Kömürü getirdik, Zahmet etmeyin yolu biliyorum.
We're delivering coal. We know the way.
- Yolu biliyorum!
- I know the way!
Yolu biliyorum.
Yeah, I know the way.
Bir çıkış yolu biliyorum.
I know a way out.
- Yolu biliyorum.
- I know the way.
İsim hatırlamıyorum, ama hala yolu biliyorum.
I don't remember the name anymore. But I still know the way.
Yolu biliyorum.
- Not necessary. I know the road.
Evet, madam, yolu biliyorum.
Yes, ma'am, I know the way.
- Evet, evet! Yolu biliyorum.
I know it's this way.
- Hayır teşekkürler, yolu biliyorum.
No thanks, I know the way.
Ama yolu biliyorum
I But I know the way
- Evet, yolu biliyorum.
- Yes, I know the way.
- Elbette ki yolu biliyorum.
- Of course I know the way.
- Bayan Spellacy. Yolu biliyorum.
I know the way.
İyi ki kestirme yolu biliyorum.
Fortunately, I know the shortcuts.
Ve biliyorum ki başka yolu yok.. birbirimize bağlanmaktan başka.
And I know that it cannot be any other way... as we bind ourselves together.
Dokuz çeşit koyun pişirme yolu var ve ben hepsini biliyorum.
There are nine different ways to cook mutton and I know them all.
Yolu ben biliyorum.
I know the way.
Başka yolu olmadığını biliyorum.
I know there is no other way.
Evet, biliyorum, yolu biraz şaşırmış olabiliriz, Ama öncelikle o karışıklıktan bir an önce kurtulmayı düşünüyordum.
I know, I strayed from the road, but I got us out of the mess, though.
Umuma açık yerde sarhoş yakalanmak hapse atılmanın... en kolay yolu diye biliyorum.

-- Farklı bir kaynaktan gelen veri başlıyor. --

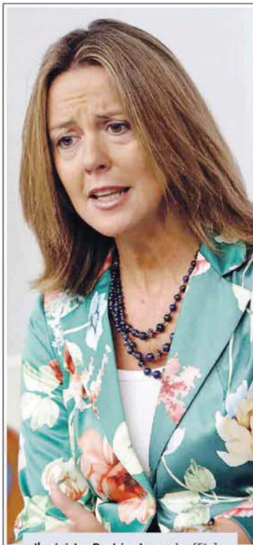
Il ministro Beatrice Lorenzin [Ftg]

Il ministro ha poi riconosciuto che la carenza di personale è un problema del Ssn, «che sarà affrontato nel Patto per la salute». In questo senso sono Lazio, Campagna e Calabria, le regioni maggiormente colpite, perché investite da Piano di rientro. «Dovremo programmare nei prossimi anni il fabbisogno di medici accanto a una valutazione in relazione ai corsi universitari e di specializzazione», ha concluso.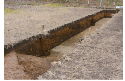
前方部南側の周溝 (南東から)

幅約20mの周溝が昭和になって掘り返された痕跡が見つかりました。底面となる固い砂礫層が東にいくにつれ浅い位置で見つかったので、古墳の周溝も同じく浅くなっていくと考えられます。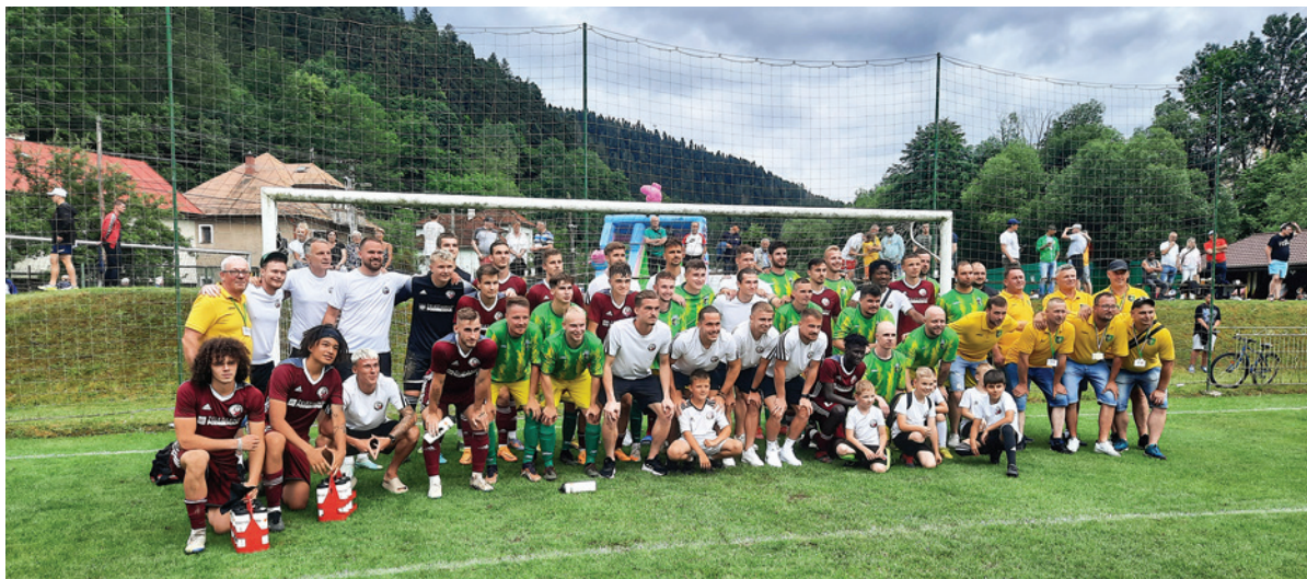
Spoločná fotografia hráčov, trénerov a funkcionárov FK Železiarne Podbrezová a ŠK Spartak Hronec.

Getting caught drunk in public's about the easiest way I know of breaking into jail.
- Baba tüm o yolu - - Biliyorum.
- Father, I came all the way from...
Yaşattıklarımı telafi için çok geç olduğunu biliyorum ama beraber olursak bir çözüm yolu bulabiliriz.

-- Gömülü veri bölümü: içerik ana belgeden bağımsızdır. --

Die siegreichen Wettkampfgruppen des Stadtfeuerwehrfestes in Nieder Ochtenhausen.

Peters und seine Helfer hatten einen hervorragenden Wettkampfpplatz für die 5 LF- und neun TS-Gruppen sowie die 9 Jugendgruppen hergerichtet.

I know it's too late to make amends, but perhaps together we could find some sort of an answer.
Biliyorum ama güvenli yolu bu.
I'd rather lose.
Anlıyorum, o saçma yolu seçmeni öfkeni, korkunu, meydan okumanı, gururunu, cesaretini bir erkek gibi küçük bir yenilgiyi hazmedememeyi biliyorum.

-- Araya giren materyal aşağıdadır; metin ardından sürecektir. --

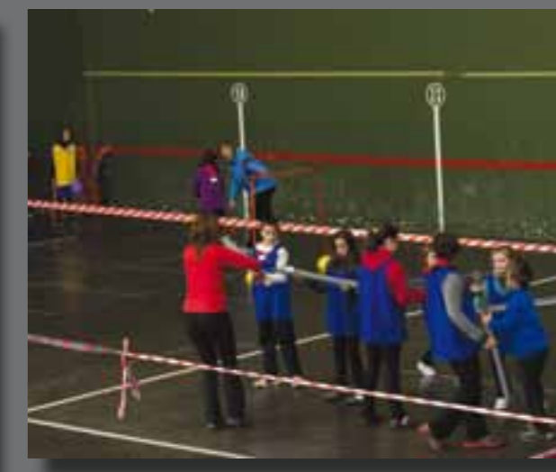
Hilaren 14an, txikieneko jokoak egin zituzten Intxaur Frontoian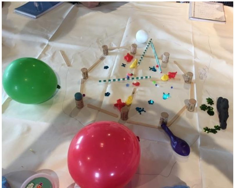
Afbeelding 1: Huidig systeem (groep 1)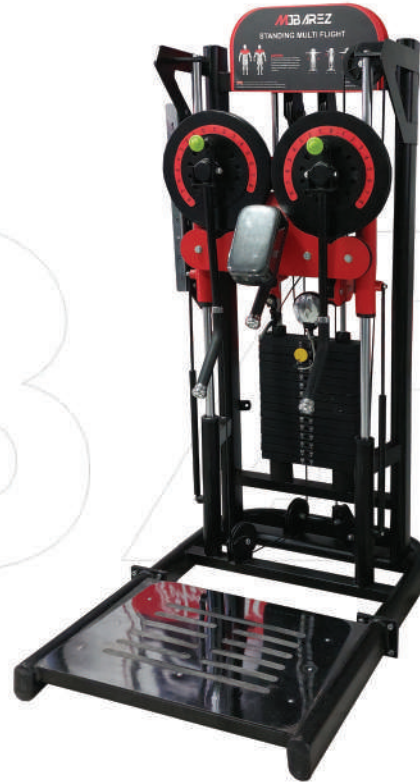
دستگاه نشر سیم کش

Weight:128 - WIDTH:225- LENGHT:128 - HEIGHT:227

To understand why you chose that mad, impossible road one must understand the rage the beauty the terrible craving to make death our whore which even the smallest defeat can bring to men such as you and I.
Karşı ihtimalleri biliyorum ama öğrenmemizin bir yolu var.
I know the odds are against it but we have a way of finding out.
Buna karşı ihtimalleri biliyorum ama bunu bulmamızın bir yolu var.
I know the odds are against it but we have a way of finding out.
- Yolu ezbere biliyorum.
- I know it by heart.
Hoşça kalın, memnun oldum. Yolu gösterme, biliyorum.
Well, goodbye, it's been a pleasure.
Yolu ezbere biliyorum. Dicky hep yanımda.
And there's always Dicky here.
Ama biliyorum ki başka bir çözüm yolu daha var. Kanser veya delilik gibi.
But at the same time I know there's a third possibility, like cancer, or madness.
- Biliyorum ama başka bir yolu var mı?
I know, but what other choice is there?
Biliyorum bu tamamen geleneklere aykırı, ama bu çocuğu bulabilmenin de tek yolu.
I know this is completely unorthodox, but I think this is the only way to find that boy.
Prens Lir bile gizli yolu bilmiyor ama ben biliyorum.
Even Prince Lir doesn't know the secret way, but I do.
Şaka yaptığımı düşündüğünüzü biliyorum ama bana inanın şov dünyasına girebilmemin tek yolu buydu. Jerry Langford'u kaçırmak.
I know you think I'm joking, but that's the only way I could break into show business by hijacking Jerry Langford.